Bitcoin futures have seen intricate movements, establishing a range between $118,500 and $120,300. Recent analysis using OrderFlow data shows varied momentum patterns in trading.
In the mid-morning session of 29th July, there was strong bullish interest, with a buying peak at $120,305. However, between 12:48 and 16:06, the market saw a shift to bearish sentiment as sellers aggressively took charge.
OrderFlow dynamics reveal buyers showed strength earlier but struggled to maintain afternoon momentum. Sellers gained influence midday, indicating potential bearish sentiment, yet more confirmation is needed for a sustained trend.
Critical price levels to observe are resistance at $120,300-$120,500 and support between $118,900-$119,100. The crucial support zone stands at $118,500, a key area frequently tested.
The current OrderFlow Intel Score is -5, indicating a moderate bearish bias. Sellers have a temporary advantage, though caution is recommended until pricing dips below $118,500 with strong evidence. Conversely, reclaiming levels above $119,500-$120,000 would indicate a bullish potential.
Both bearish and bullish scenarios are possible; therefore, traders should closely watch for confirmation signals, manage risk wisely, and stay updated on market changes.

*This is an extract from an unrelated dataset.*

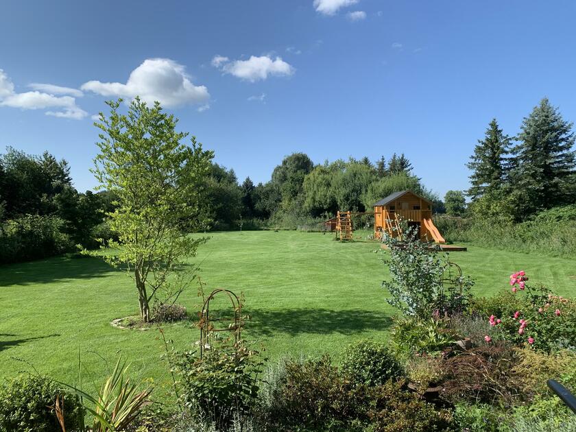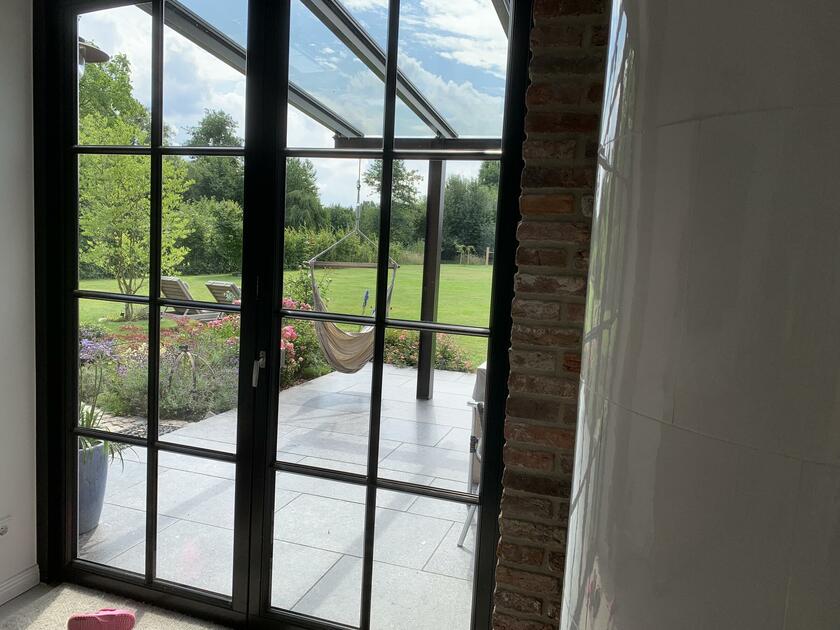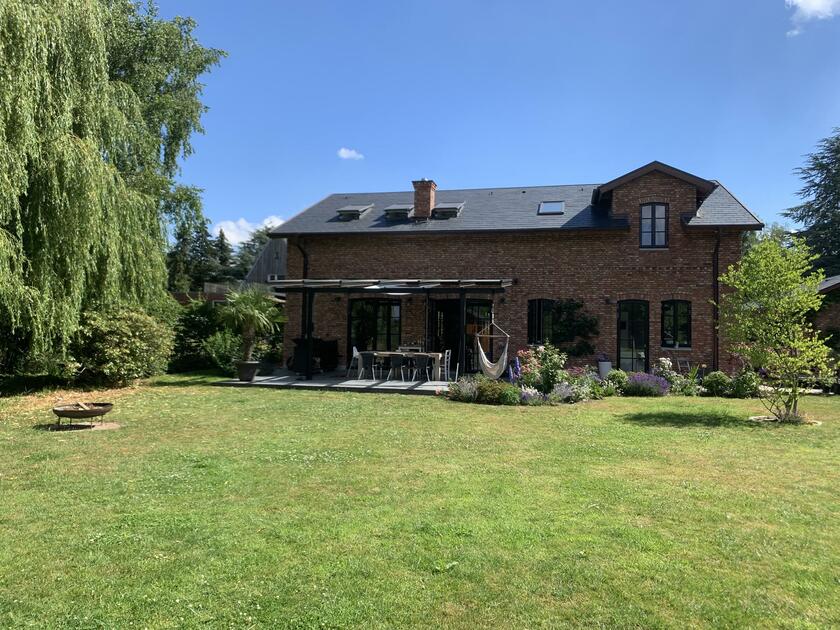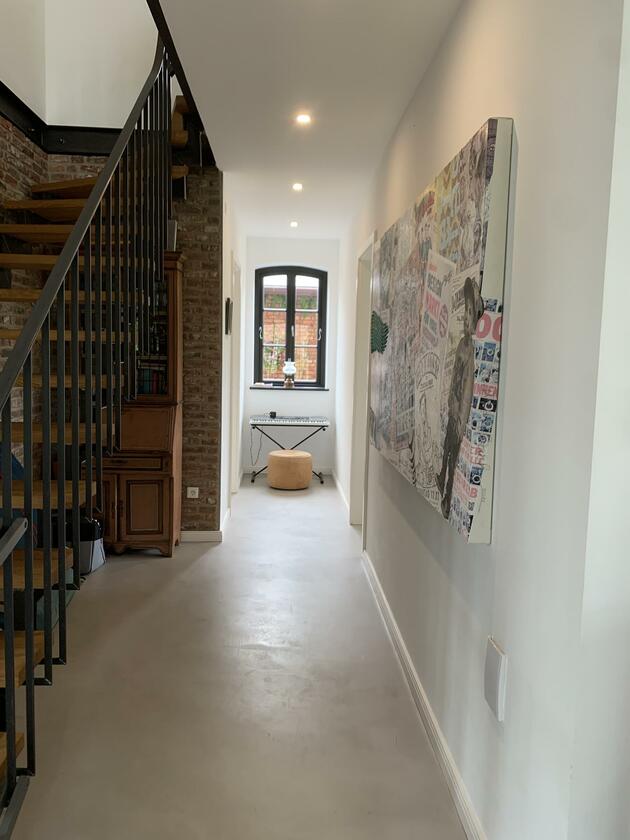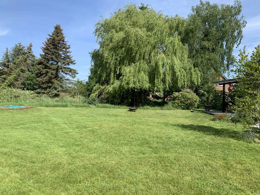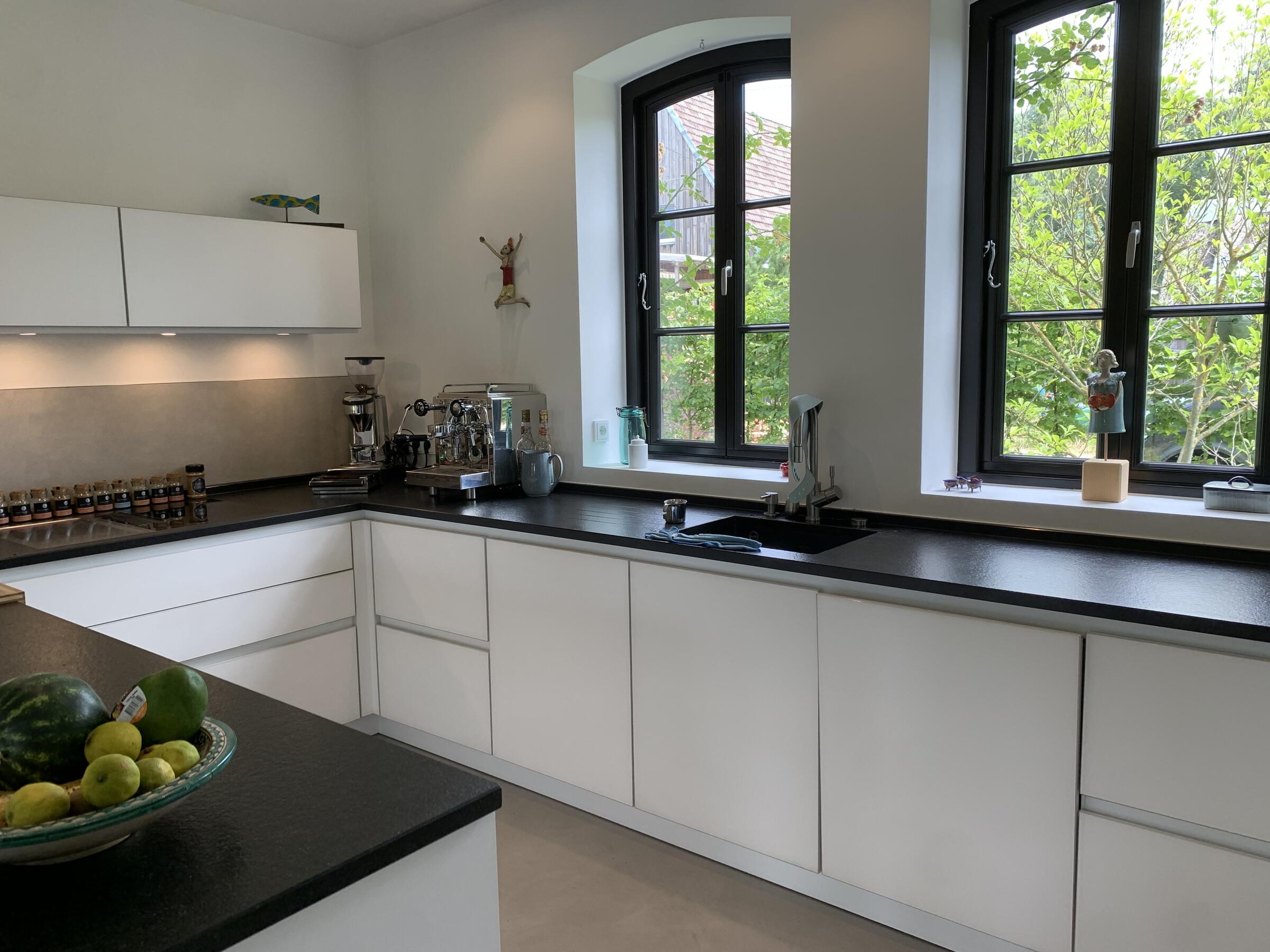 Bei unserem charmanten Neubau trifft ländliche Idylle auf historisches Loftdesign. Das großzügige Architektenhaus wurde im Jahr 2019 in Anlehnung an eine alte Schmiede gebaut. Das Haus kombiniert auf sehr gelungene Art eine traditioneller Bauweise mit modernem Loft-Flair im Inneren des Hauses. Das Haus ist sehr hochwertig ausgestattet. Ein hochwertiger hellgrauer Designboden (Mikrozementputz im Betonlook) dient als Bodenbelag im EG. Der industrielle Look wird ideal durch die Sichtmauerwerkswände im Innenbereich ergänzt. Weiterhin komplettieren aufwendige sichtbare Stahlelemente den Look. Eine offene Küche, die sich mit einem Schiebefaltelement aus Stahlsprossen schließen lässt, fügt sich gut in den Stil ein. Als Highlight des ca. 50 m² großen und 6 m hohen Wohnbereichs, lassen sich der betriebsbereite historische schwedische Kachelofen sowie die Galerie in Stahlbauweise nennen. Unser ca. 1300 m² großes Gartengrundstück grenzt direkt an einen großen Parkplatz.

The market is showing a slight bearish tilt after sellers took control this afternoon, but we remain watchful. This shift happened after buyers failed to hold momentum above the $120,300 resistance level. For now, the critical support at $118,500 is the most important line in the sand.
In the coming weeks, we believe this price action represents consolidation within a larger bull market. This view is supported by recent news that European pension funds began allocating to digital assets in Q2 2025, suggesting a new wave of institutional capital is entering the space. Therefore, dips might be seen as buying opportunities by these larger players.
For derivatives traders, this presents an opportunity to use options to manage risk. We suggest considering buying protective puts with a strike near $118,000 to hedge against a breakdown. Alternatively, a break below this level could be a trigger to initiate short-term bearish positions targeting the $115,000 zone.
Recent statistics reinforce a broader bullish structure, making a deep correction less likely. Open interest in CME Bitcoin futures reached a record $15 billion last week, and on-chain data shows addresses holding over 10 BTC have grown 12% this year. This indicates that significant market participants are holding their positions despite short-term weakness.
Historically, we are in a period of significant price discovery, roughly 15 months after the April 2024 halving. This cycle timing is similar to previous bull runs where sharp, brief pullbacks were common before the next leg up. We see the current situation as a healthy pause, not a major trend reversal.
For those trading futures, we advise patience before entering new long positions. We would need to see a strong defense of the $118,500 support, confirmed by a return of positive delta and heavy buy volume. A reclaim of $120,000 would be a strong signal that the upward trend is ready to resume.
Given the increase in volatility, traders could also consider strategies that profit from price movement in either direction. Using options straddles around the $119,000 level could be an effective way to trade the expected range expansion. This allows a trader to capitalize on a breakout without having to predict its direction beforehand.